▸ **WHAT THIS TASK INVOLVES**:
Exact transcription with no images: write out all of the entries below.

▸ **DATASET RECORDS**:

□ □ □ □ □

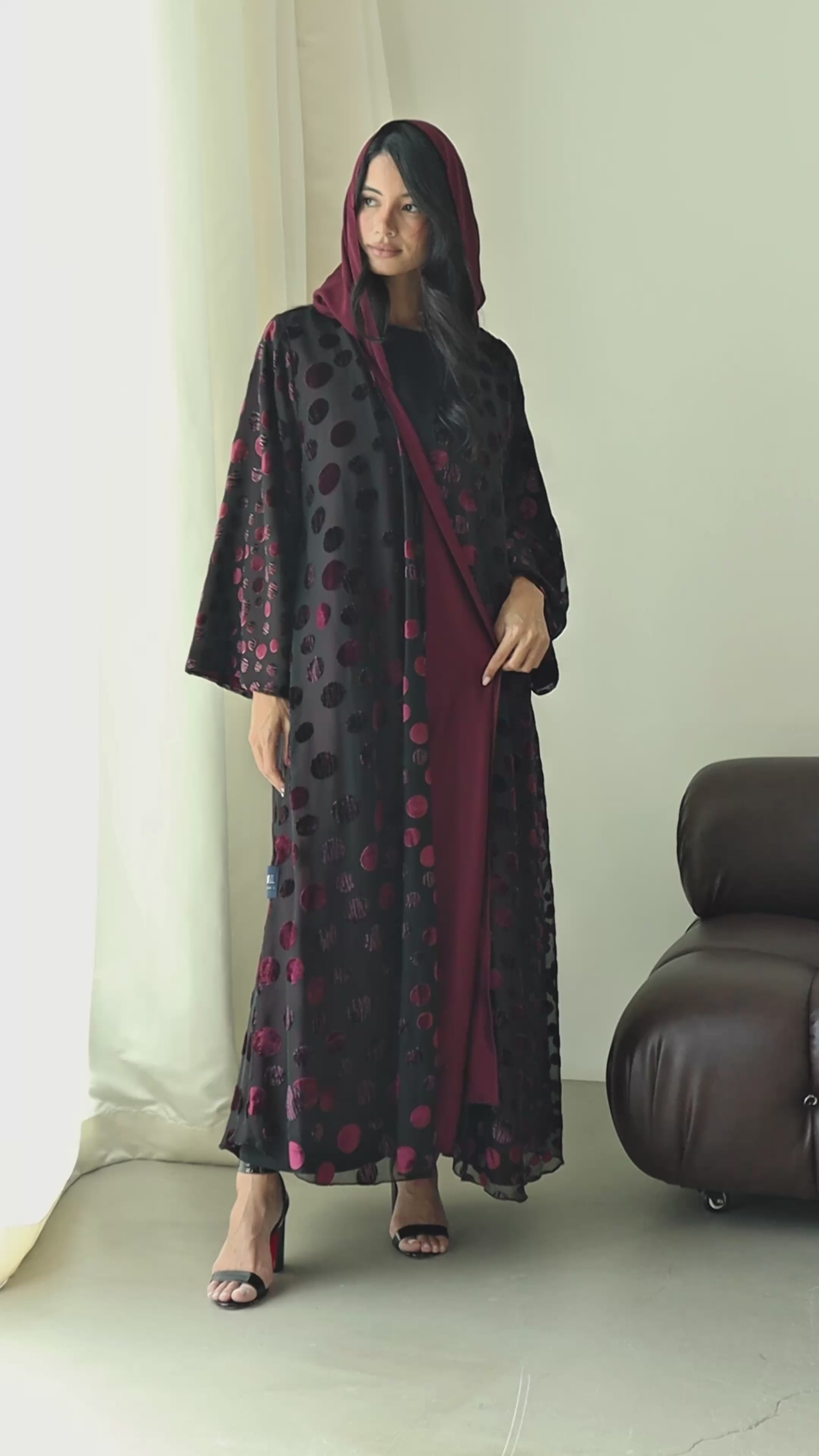 Polka Velvet Maroon Abaya السعر بعد الخصمAED 950.00
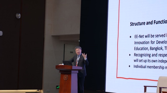 亚瑟·埃利斯作了题为《创业思维与世界观》的主旨报告。他认为成功企业家的心态就是时刻保持前进。其次,他结合美国大学的发展历史,讨论了大学中的创业教育转变。最后,他分享了现代历史上著名的企业家的故事,并运用生动的实例,强调创业思维的培养不仅在大学阶段,还应该在初等教育和中等教育中。
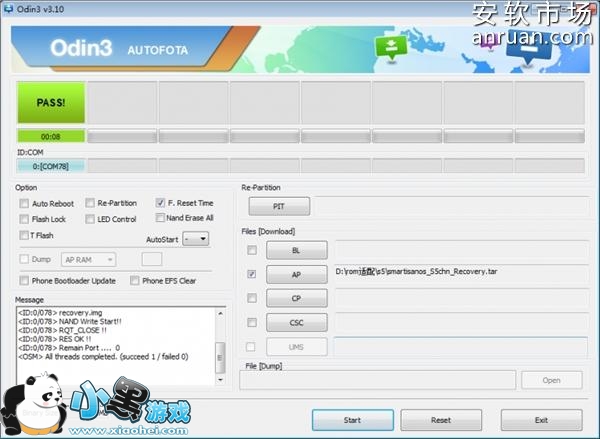 在“Odin3”中点击“Start”按钮,刷入recovery。
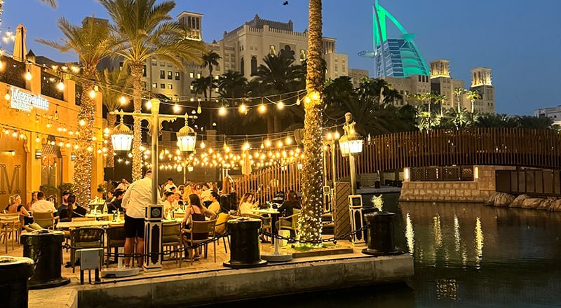 Sitting pretty in Souk Madinat Jumeirah, Mezzanine Bar & Kitchen is exactly where you want to be when you’re after relaxed vibes with a side of great views. Overlooking the waterways, with the Burj Al Arab peeking out in the background, it feels casual and welcoming, whether you’re popping in after a wander around the Souk or settling in for a long, leisurely meal. Think classic gastropub energy, but in a very Dubai setting, best of both worlds we think?
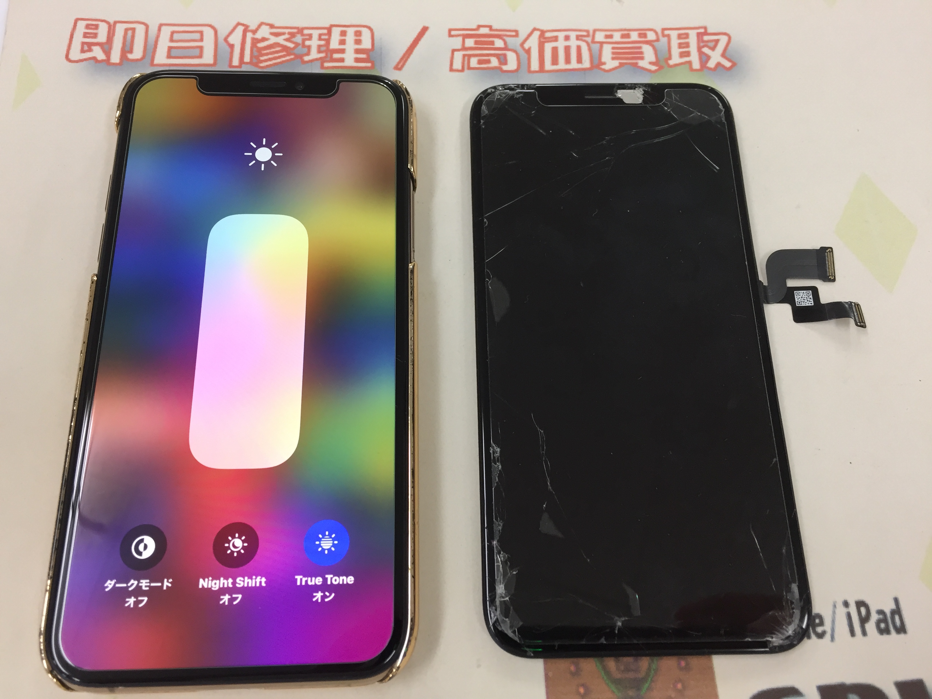 通常、画面の修理を行うと設定→画面表示と明るさ→True Toneという機能が消えてしまいますが当店では画面の修理後もこちらの機能を残したまま修理が可能です。
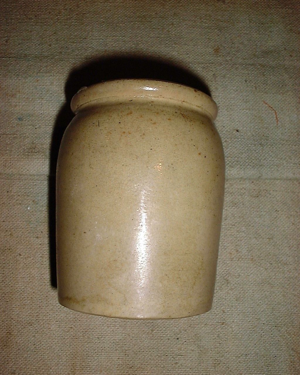 Antique stoneware miniature saltglaze crock jar snuff/ 4" tall
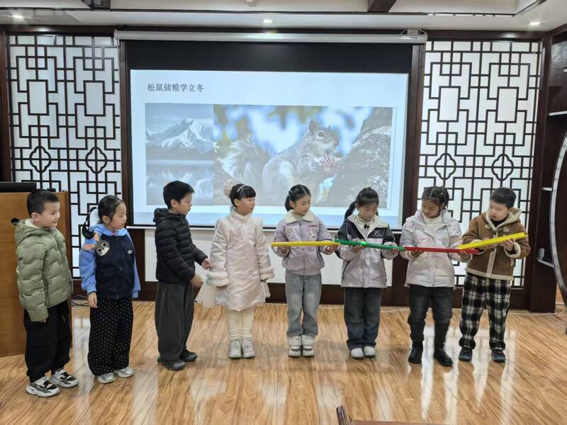 活动伊始,韩利老师以“松鼠忙存粮”的趣味互动游戏,瞬间点燃了现场气氛。孩子们在欢声笑语中模仿小松鼠忙碌储备食物的情景,直观地感受到“立冬”节气万物收藏、准备过冬的物候特点,理解了立冬作为冬季起始的意义。
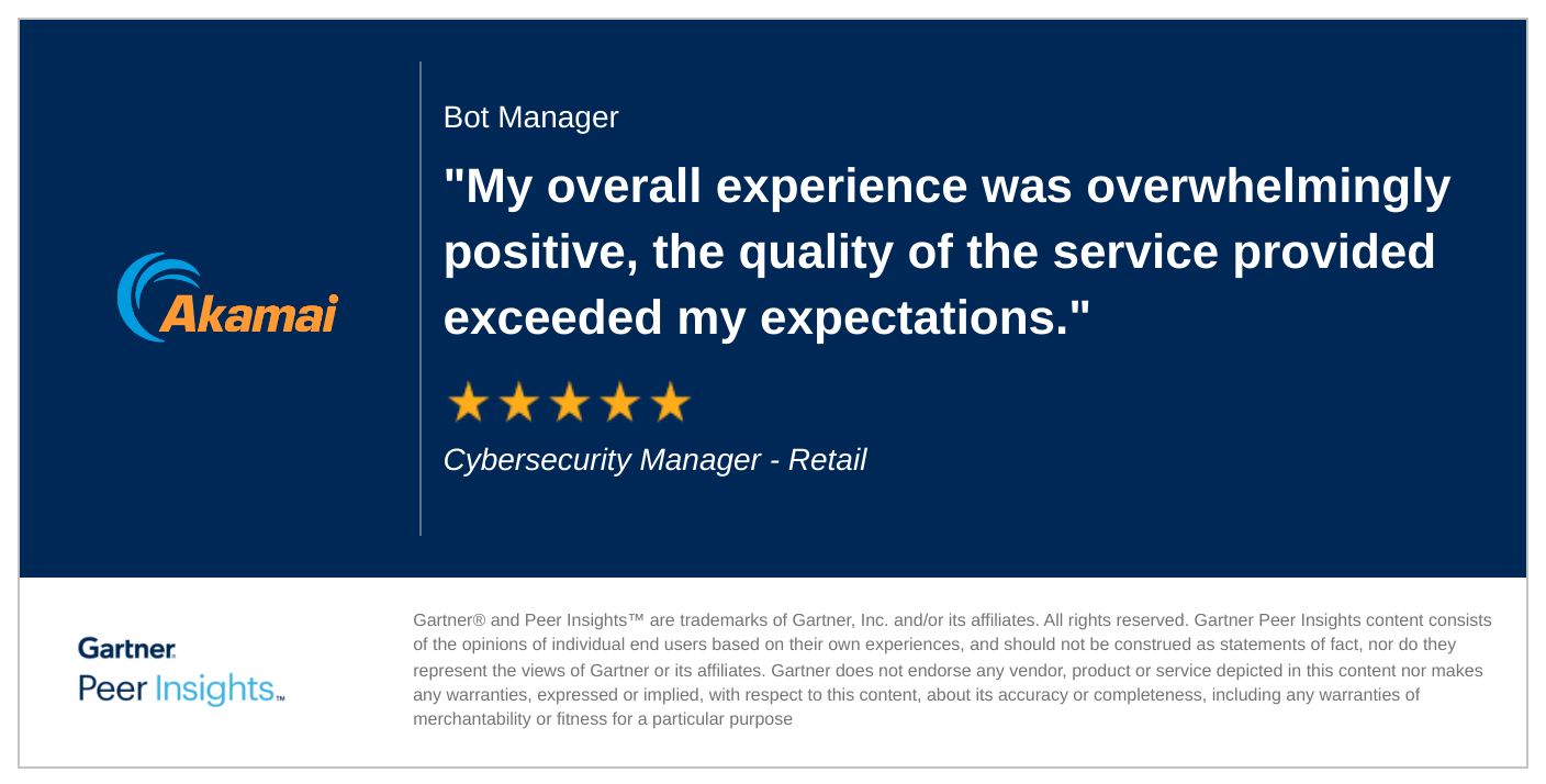 Cybersecurity Manager in the Retail Industry gives Bot Manager 5/5 Rating in Gartner Peer Insights™ Online Fraud Detection Market. Read the full review here: #gartnerpeerinsightsAkamai Dynamic Signal

□ □ □ □ □

▸ **EXERCISE RESULT**:
 Polka Velvet Maroon Abaya السعر بعد الخصمAED 950.00
 亚瑟·埃利斯作了题为《创业思维与世界观》的主旨报告。他认为成功企业家的心态就是时刻保持前进。其次,他结合美国大学的发展历史,讨论了大学中的创业教育转变。最后,他分享了现代历史上著名的企业家的故事,并运用生动的实例,强调创业思维的培养不仅在大学阶段,还应该在初等教育和中等教育中。
 在“Odin3”中点击“Start”按钮,刷入recovery。
 Sitting pretty in Souk Madinat Jumeirah, Mezzanine Bar & Kitchen is exactly where you want to be when you’re after relaxed vibes with a side of great views. Overlooking the waterways, with the Burj Al Arab peeking out in the background, it feels casual and welcoming, whether you’re popping in after a wander around the Souk or settling in for a long, leisurely meal. Think classic gastropub energy, but in a very Dubai setting, best of both worlds we think?
 通常、画面の修理を行うと設定→画面表示と明るさ→True Toneという機能が消えてしまいますが当店では画面の修理後もこちらの機能を残したまま修理が可能です。
 Antique stoneware miniature saltglaze crock jar snuff/ 4" tall
 活动伊始,韩利老师以“松鼠忙存粮”的趣味互动游戏,瞬间点燃了现场气氛。孩子们在欢声笑语中模仿小松鼠忙碌储备食物的情景,直观地感受到“立冬”节气万物收藏、准备过冬的物候特点,理解了立冬作为冬季起始的意义。
 Cybersecurity Manager in the Retail Industry gives Bot Manager 5/5 Rating in Gartner Peer Insights™ Online Fraud Detection Market. Read the full review here: #gartnerpeerinsightsAkamai Dynamic Signal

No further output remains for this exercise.